R¶

Which versions of R are compatible with H2O?

Currently, the only version of R that is known to not work well with H2O is R version 3.1.0 (codename “Spring Dance”). If you are using this version, we recommend upgrading the R version before using H2O.

What R packages are required to use H2O?

The following packages are required:

methods
statmod
stats
graphics
RCurl
jsonlite
tools
utils

Some of these packages have dependencies; for example, bitops is required, but it is a dependency of the RCurl package, so bitops is automatically included when RCurl is installed.

If you are encountering errors related to missing R packages when using H2O, refer to the following list for a complete list of all R packages, including dependencies:

statmod
bitops
RCurl
jsonlite
methods
stats
graphics
tools
utils
stringi
magrittr
colorspace
stringr
RColorBrewer
dichromat
munsell
labeling
plyr
digest
gtable
reshape2
scales
proto
ggplot2
h2oEnsemble
gtools
gdata
caTools
gplots
chron
ROCR
data.table
cvAUC

Finally, if you are running R on Linux, then you must install libcurl, which allows H2O to communicate with R.

How can I install the H2O R package if I am having permissions problems?

This issue typically occurs for Linux users when the R software was installed by a root user. For more information, refer to the following link.

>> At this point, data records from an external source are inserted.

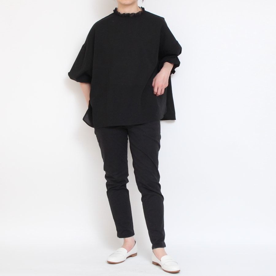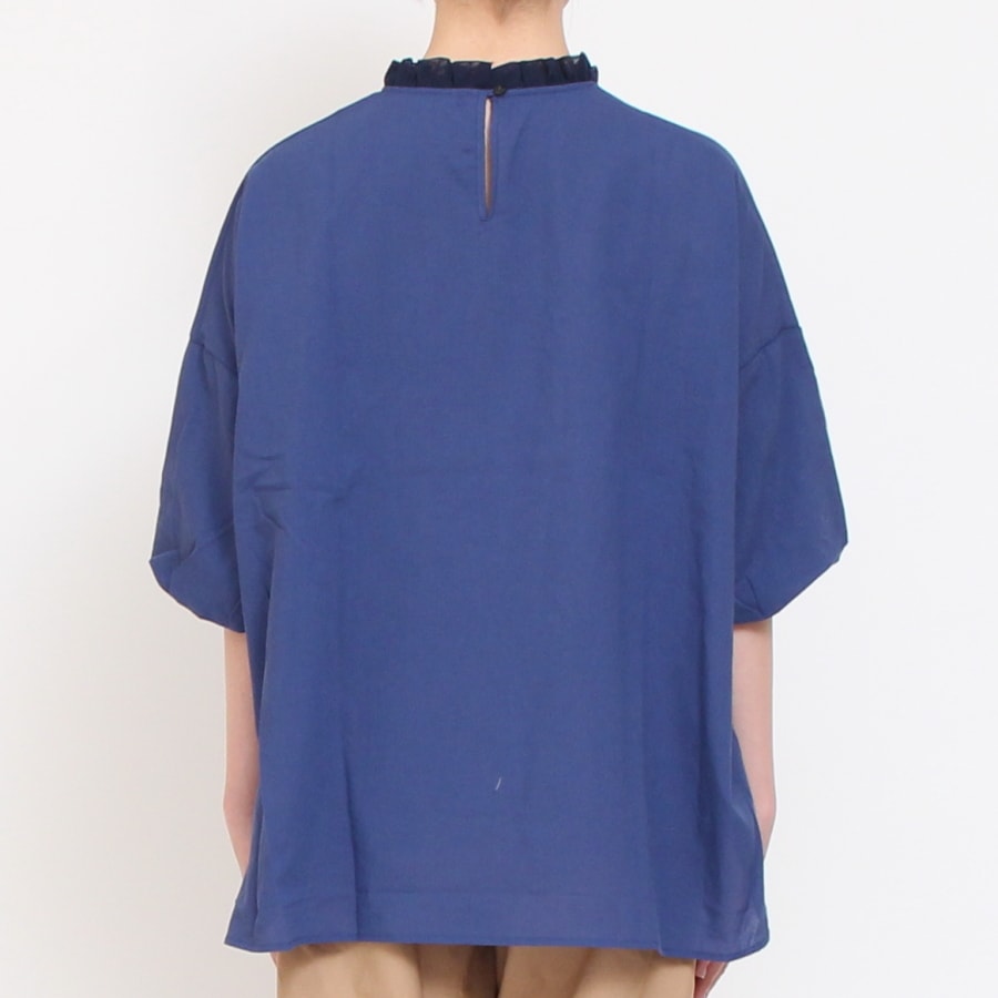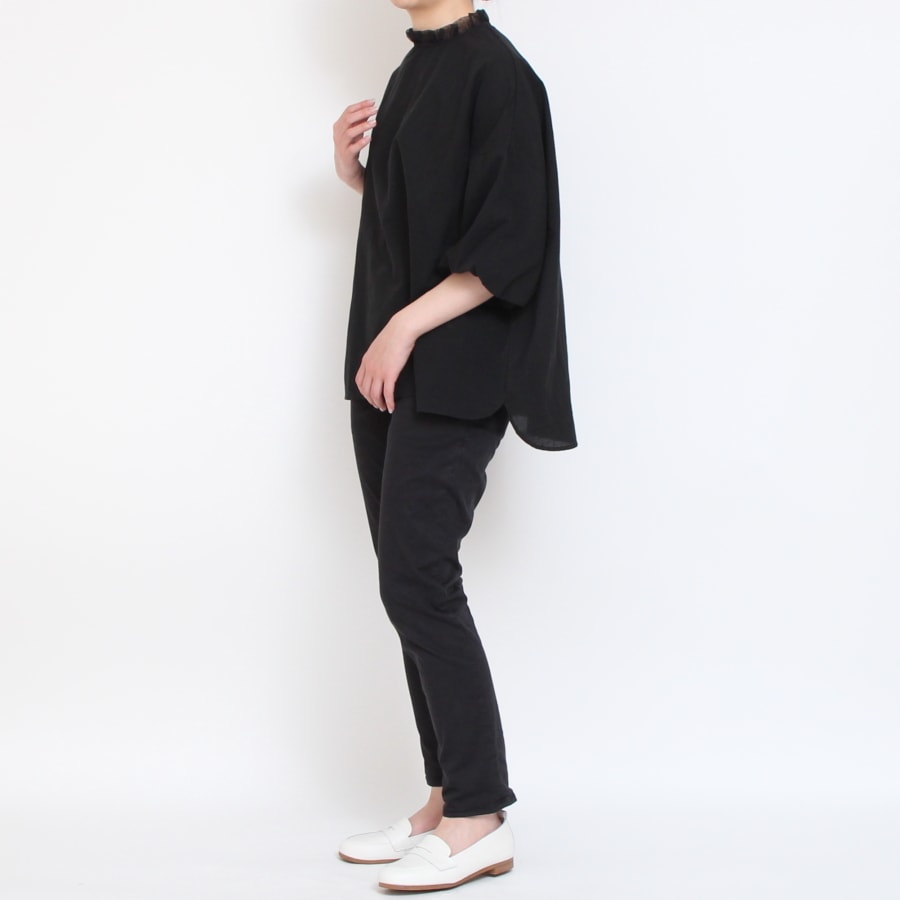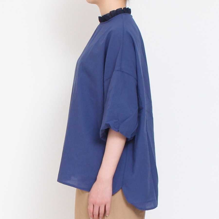 ふんわりとした肌触りとネックラインのチュールレースが程よいアクセントになった、かぶりタイプのブラウスです。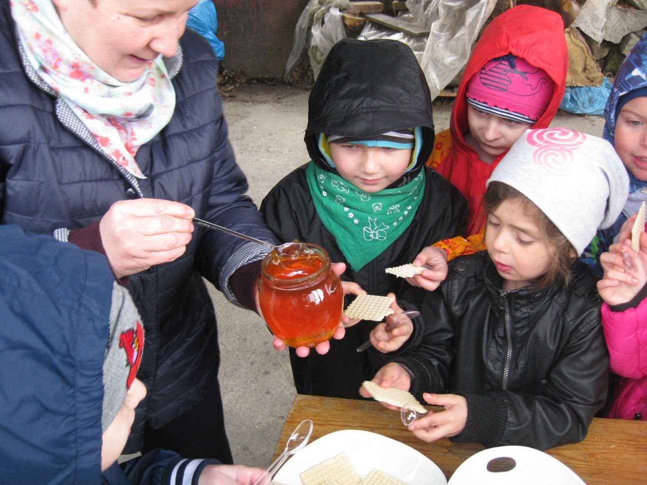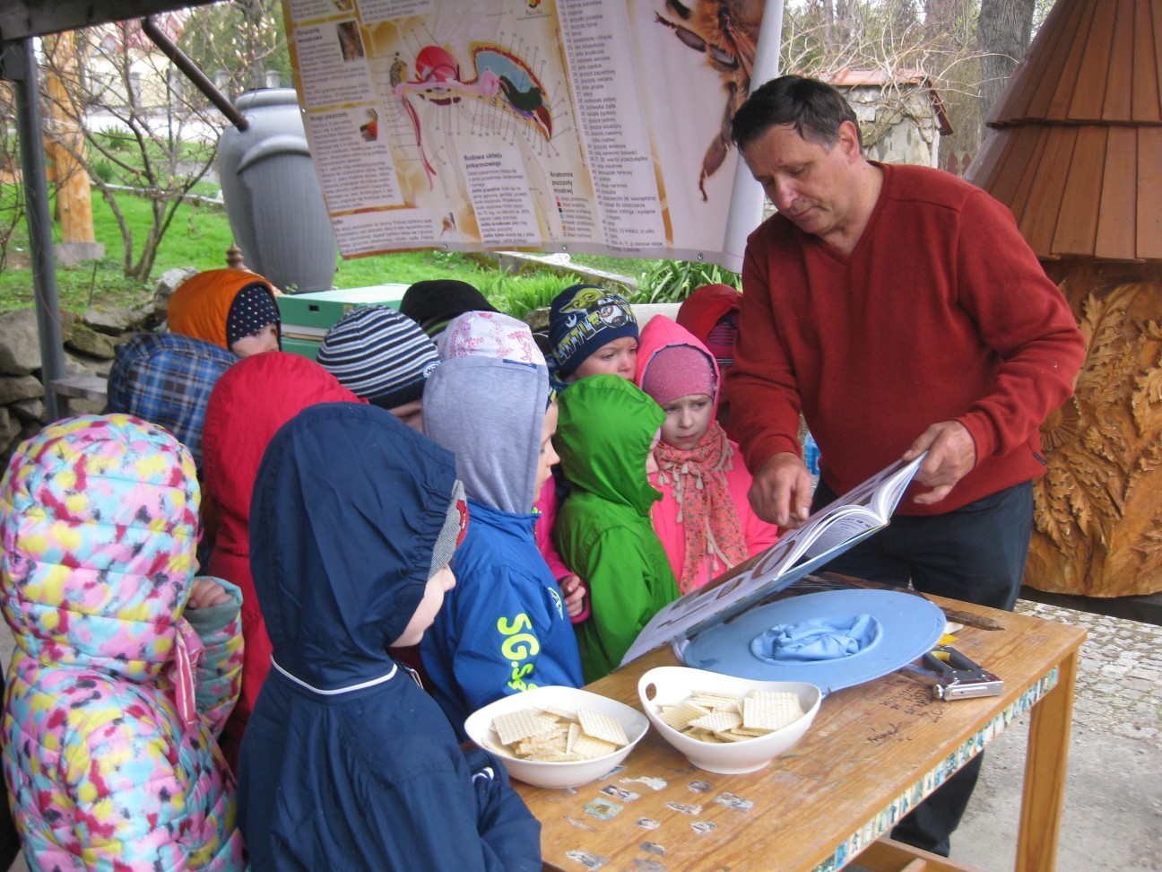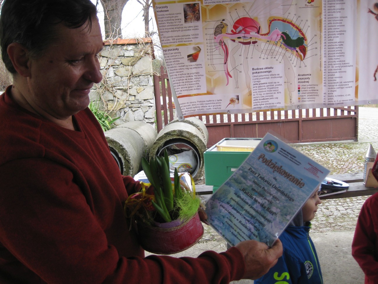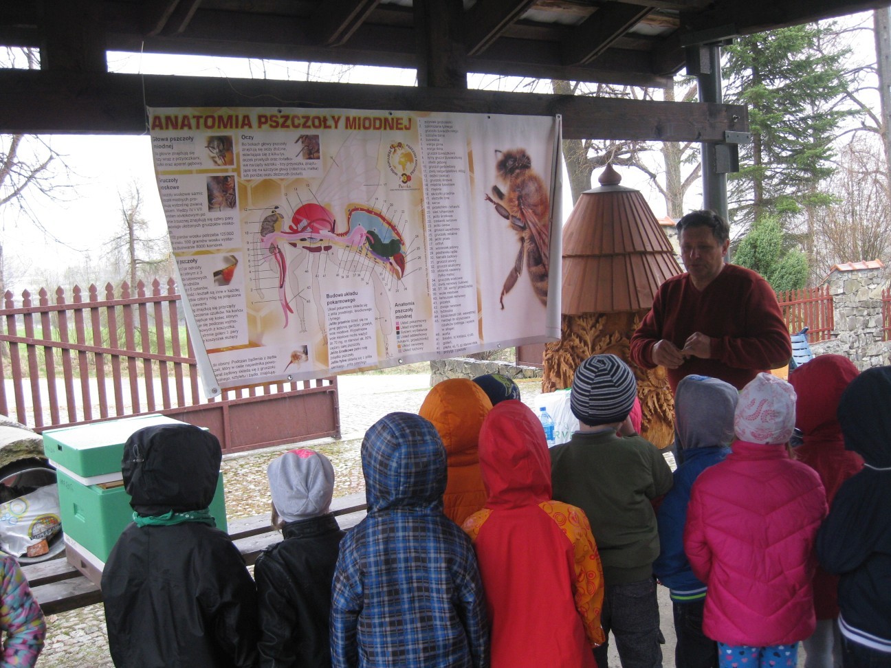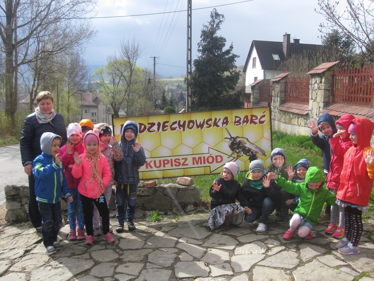 Poszukiwania informacji na temat wykorzystania w przyszłości potencjału przyrodniczego i turystycznego zaprowadziły nas tym razem do pasieki Państwa Ozimińskich „Radziechowska Barć”. Mistrz pszczelarski Pan Tadeusz Ozimiński przygotował dla przedszkolaków profesjonalne zajęcia edukacyjne na temat historii pszczelarstwa i jego obecnej sytuacji w kraju i na świecie. Mało kto z nas wiedział, że pszczoły istniały na Ziemi już w czasach dinozaurów. Fascynująca organizacja umożliwiła tej owadziej społeczności przetrwanie przez setki milionów lat. Jednakże obecnie największym zagrożeniem dla świata pszczół i wszelkich wartości płynących z ich istnienia jest niestety człowiek i tworzona przez niego cywilizacja. Są kraje, gdzie zagłada owadów doprowadziła do tego, że ludzie muszą pędzelkami zapylać drzewa owocowe! Na szczęście są podejmowane działania ratunkowe. Wymaga to wiedzy i pasji wielu ludzi, jak również wzrostu ogólnej świadomości społeczeństwa na temat zagrożeń. To nasi wychowankowie w przyszłości będą podejmowali decyzje, mające wpływ na stan środowiska naturalnego. Przedszkolaki miały okazję obejrzeć nowocześnie zorganizowane przedsiębiorstwo pszczelarskie i porównać jego rozwój z informacjami historycznymi. Państwo Ozimińscy zadbali o ocalenie od zapomnienia uli, których wiek sięga często stu lat. Podsumowaniem warsztatów pszczelarskich dla przedszkolaków była wspólna konsumpcja miodu i pyłku pszczelego z Radziechowskiej Barci. Dziękujemy Panu Tadeuszowi Ozimińskiemu za wartościowe spotkanie i pozostaje nam mieć nadzieję, że zdobyta przez naszych przedszkolaków wiedza przyczyni się w przyszłości do przetrwania i rozwoju pszczelarstwa w naszej małej ojczyźnie. Pozwólmy pszczołom zapylać rośliny i wytwarzać miód.
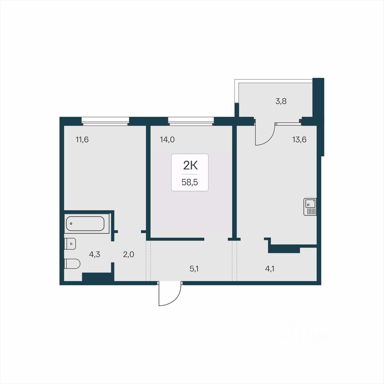 Продаётся 2-комнатная квартира в строящемся доме (Дом 12, блок-секция 1), срок сдачи: III-кв. 2027, общей площадью 58.5 кв.м., на 6 этаже. Новый жилой комплекс ''Акация на Игарской'' от застройщика ООО СЗ Аквамарин (Акация) расположен в Калининском районе г. Новосибирск в границах улиц Игарская и Фадеева.
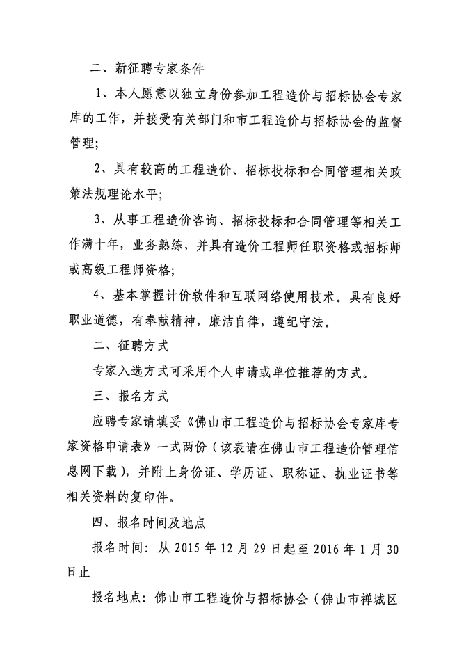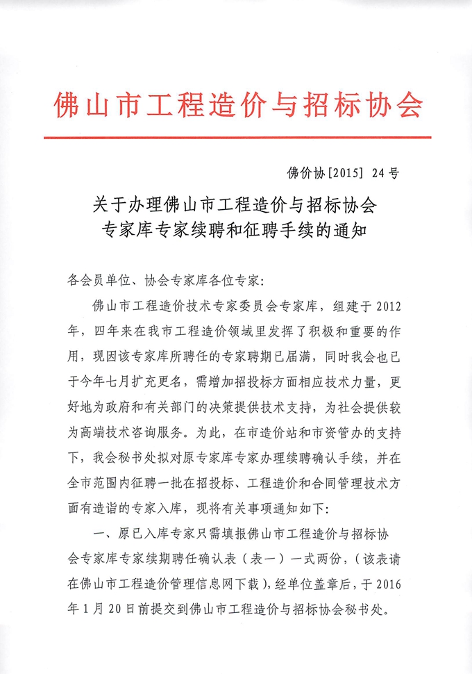 關(guān)于辦理佛山市工程造價與招標協(xié)會專家?guī)鞂<依m(xù)聘和征聘手續(xù)的通知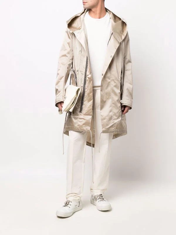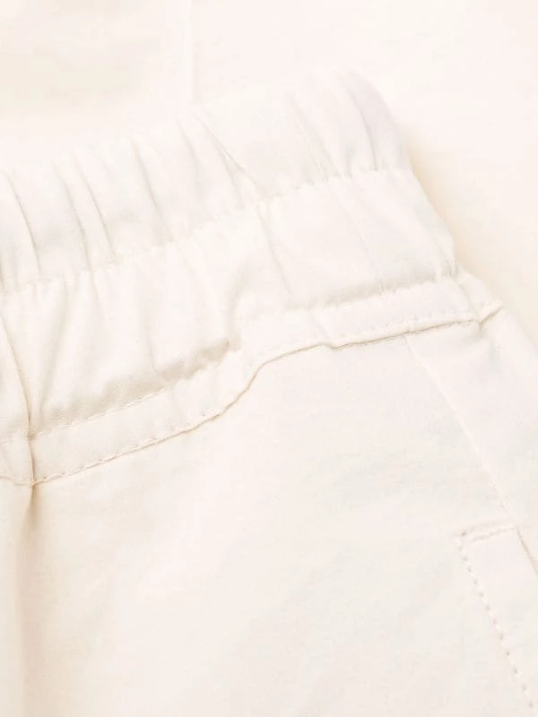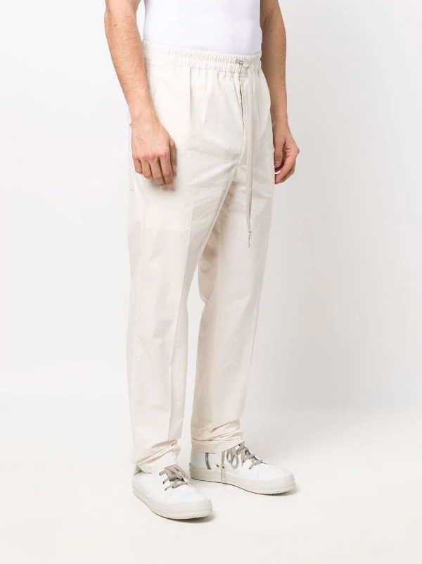 Plis marqués, lien de resserrage à la taille, coupe droite, deux poches latérales fendues, poches arrière à rabat.

To specify the installation location for the R packages, create a file that contains the R_LIBS_USER environment variable:

echo R_LIBS_USER=\"~/.Rlibrary\" > ~/.Renviron

Confirm the file was created successfully using cat:

$ cat ~/.Renviron

You should see the following output:

R_LIBS_USER="~/.Rlibrary"

Create a new directory for the environment variable:

$ mkdir ~/.Rlibrary

Start R and enter the following:

.libPaths()

Look for the following output to confirm the changes:

[1] "<Your home directory>/.Rlibrary"
[2] "/Library/Frameworks/R.framework/Versions/3.1/Resources/library"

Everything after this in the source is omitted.